The good news gets even better; non-AMP pages make considerably more revenue per pageview than AMP pages. Initially, I assumed this was due to the nature of how ads load on AMP, however, recent Antitrust lawsuits have proposed that hindering ad competition was a feature and that all non-amp ad tags, such as my company, Ezoic’s, were delayed by 1 second to make them less effective.

Nick Heer:

Let us hope this marks the rapid decline of a proprietary format designed to replicate the open standards of the web in a way that Google can more readily control and track.

John Wilander:

The Google AMP cache is the cross-site tracking stunt of the decade. How did they get away with serving others’ content under google.com for all these years, with full access to people’s Google login cookies, while making the actual content providers into 3rd-parties?

Marko Saric (via Hacker News):

From the release of the Core Web Vitals and the page experience algorithm, there is no longer any preferential treatment for Accelerated Mobile Pages (AMP) in Google’s search results, Top Stories carousel and the Google News. Google will even remove the AMP badge icon from the search results.

You can now safely ignore Google AMP when building a more diverse and more exciting web without any artificial restrictions set by the adtech giant.

[…]

Google AMP was never popular.

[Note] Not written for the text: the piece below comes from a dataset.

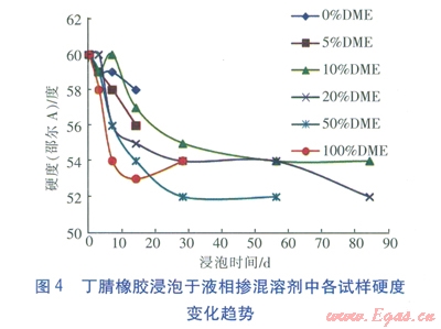 ③丁腈橡膠是一種合成橡膠,屬交聯(lián)聚合物,它在二甲醚摻混液中的溶脹都屬于有限溶脹。液相摻混液對丁腈橡膠的腐蝕,主要發(fā)生在浸泡的前10d左右的時(shí)間里,之后溶脹現(xiàn)象都趨于平穩(wěn)。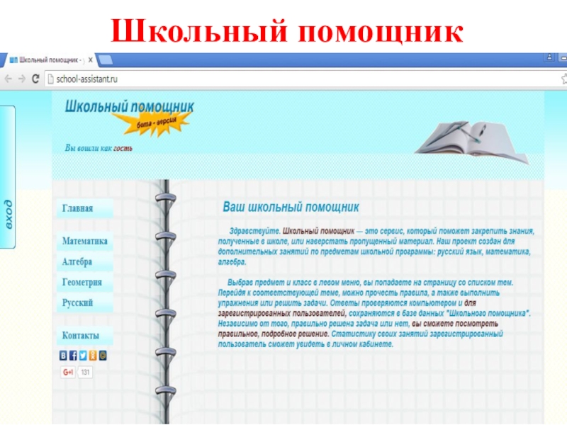 Это сайт презентаций, где можно хранить и обмениваться своими презентациями, докладами, проектами, шаблонами в формате PowerPoint с другими пользователями. Мы помогаем школьникам, студентам, учителям, преподавателям хранить и обмениваться учебными материалами.

It was controversial from the day it was introduced and received a big push back and a lot of hate but Google stuck to its guns for years.

There’s been a lot of antitrust scrutiny on Google and it may have played a role in this change of heart.

Previously:

2 Comments RSS · Twitter

A friend of mine worked on a native app for a newspaper.
"Why do they need a native app?"
"The web is too slow."

Naturally their site was filled to the brim with bullshit, and the app wasn't.

When AMP was announced I thought it was an attempt to kill all the bullshit on the web. That didn't happen. Not sure if that was even the aim anymore. Still perplexed why companies are OK with bullshit on the web but not in their apps.

Yeah, I kind of loathe the appification of everything and if Amp had fought that, then great. But it sadly didn't and legitimately fast non Amp websites were still punished in search rankings. So screw Amp.

People should decrapify their sites and the web would get much faster. Indeed.